**Material provided**
=-=-=
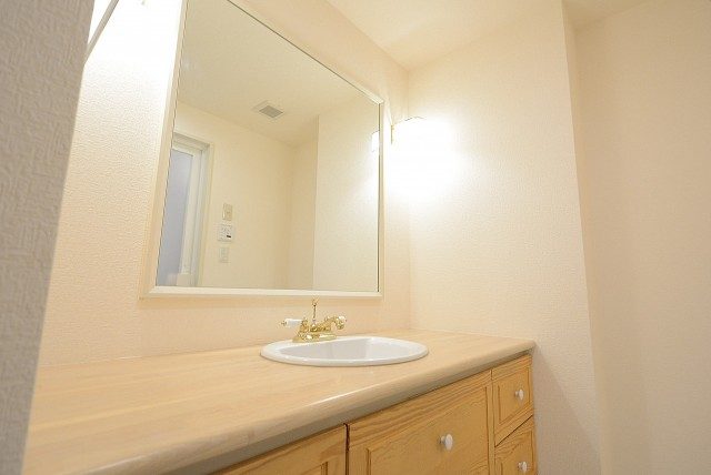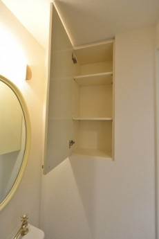 広い室内には洗面台と可愛らしいまるい鏡、鏡の隣には棚があるので、トイレ内はいつも清潔にお使い頂けます。
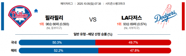 열람중 국내야구분석 10월 5일 MLB 필라필리 vs LA다저스 등급아이콘 레벨아이콘 커뮤관리자 10.04 254
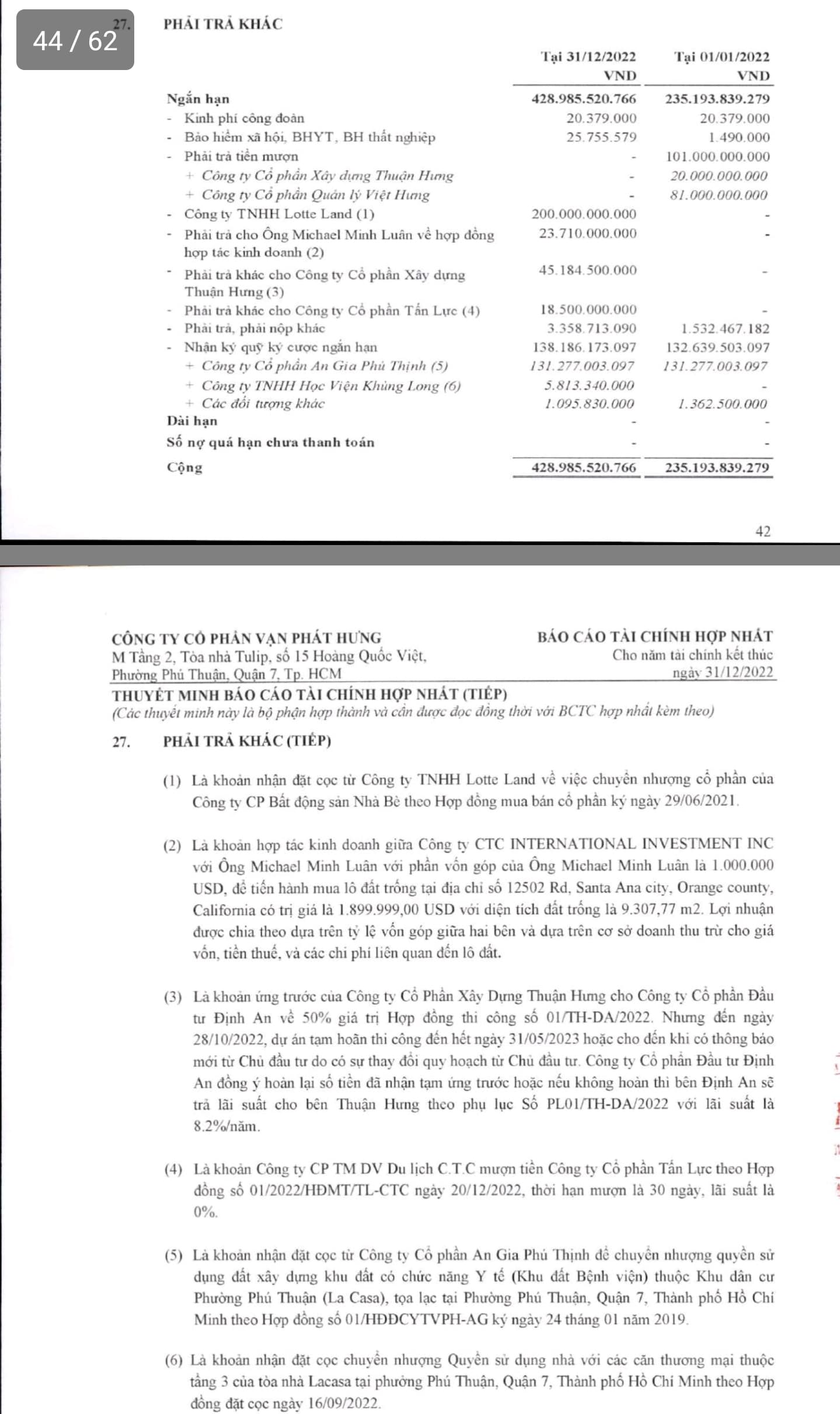 - Đã nhận tiền 200 tỷ của Lotte Land theo BCTC Để nhận chuyển nhượng 55% từ Cty Nhà Bè của VPH.
=-=-=
**Exercise brief**
An unchanged copy of the data, images excluded, is all that should be given.

**Completed task**
 広い室内には洗面台と可愛らしいまるい鏡、鏡の隣には棚があるので、トイレ内はいつも清潔にお使い頂けます。
 열람중 국내야구분석 10월 5일 MLB 필라필리 vs LA다저스 등급아이콘 레벨아이콘 커뮤관리자 10.04 254
 - Đã nhận tiền 200 tỷ của Lotte Land theo BCTC Để nhận chuyển nhượng 55% từ Cty Nhà Bè của VPH.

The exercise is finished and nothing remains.